And that's part of the contract which "Container-init must behave like global-init to processes within the container" from that link entails - when you kill PID1 on bare metal the system stops.

Changing Fedora's shutdown timeouts

Posted Feb 26, 2023 16:30 UTC (Sun) by nix (subscriber, #2304) [Link]

> And that's part of the contract which "Container-init must behave like global-init to processes within the container" from that link entails

This seems to conflict badly with the reality which has random programs running as PID 1 in single-service containers. Hardly any of these programs are expecting ever to suddenly become an init...

Changing Fedora's shutdown timeouts

Posted Jan 19, 2023 13:46 UTC (Thu) by dskoll (subscriber, #1630) [Link] (5 responses)

How can you implement something that keeps the ACID guarantee in the face of SIGKILL? I believe it's impossible.

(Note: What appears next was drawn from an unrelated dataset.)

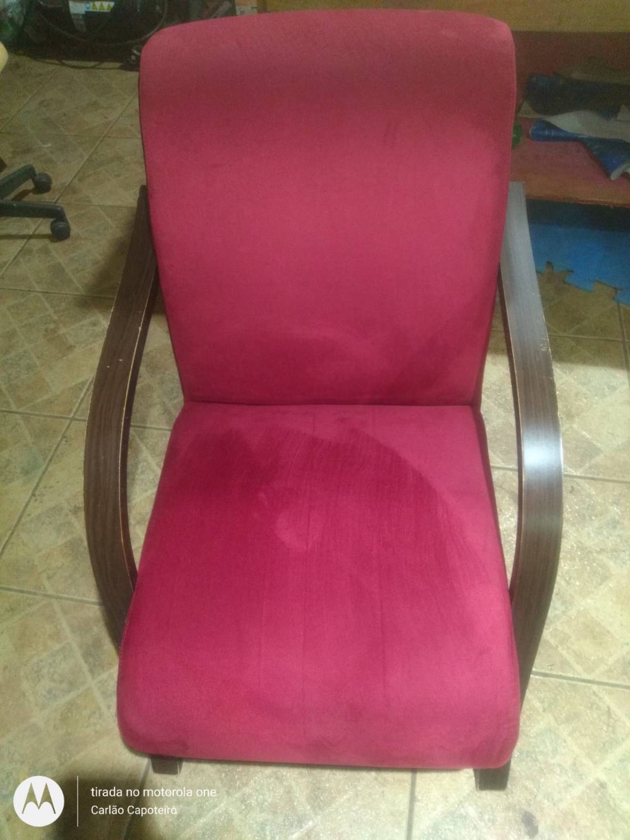 Troca de Estofamento de Poltrona Interna para Sala - Material Sued Vinho

Changing Fedora's shutdown timeouts

Posted Jan 19, 2023 13:48 UTC (Thu) by dskoll (subscriber, #1630) [Link] (1 responses)

Ugh, never mind. It has to be possible or else you couldn't have ACID guarantees in the case of sudden loss of power, I guess.

Changing Fedora's shutdown timeouts

Posted Jan 19, 2023 14:58 UTC (Thu) by madscientist (subscriber, #16861) [Link]

Yes. It's a matter of whether you want to spend time at shutdown, or time at startup. On the product I worked on we used to drain our journal at shutdown but customers hated that. They wanted the thing to go down when they told it to: draining the journal can take many minutes, sometimes, depending on the situation.

Since we have to support ACID / poweroff / kill -9 / etc. anyway, we changed our shutdown to basically call _exit() and now it's very fast :). But it does mean that when they next start the service it may take longer to start up because all that work of reconciling the journal has to be done then.

For people who are concerned about it there is a standalone tool that can be used to reconcile the journal in the background while the service is offline, rather than doing it at startup.

ACID guarantees in the face of SIGKILL

Posted Jan 19, 2023 14:10 UTC (Thu) by matthias (subscriber, #94967) [Link] (1 responses)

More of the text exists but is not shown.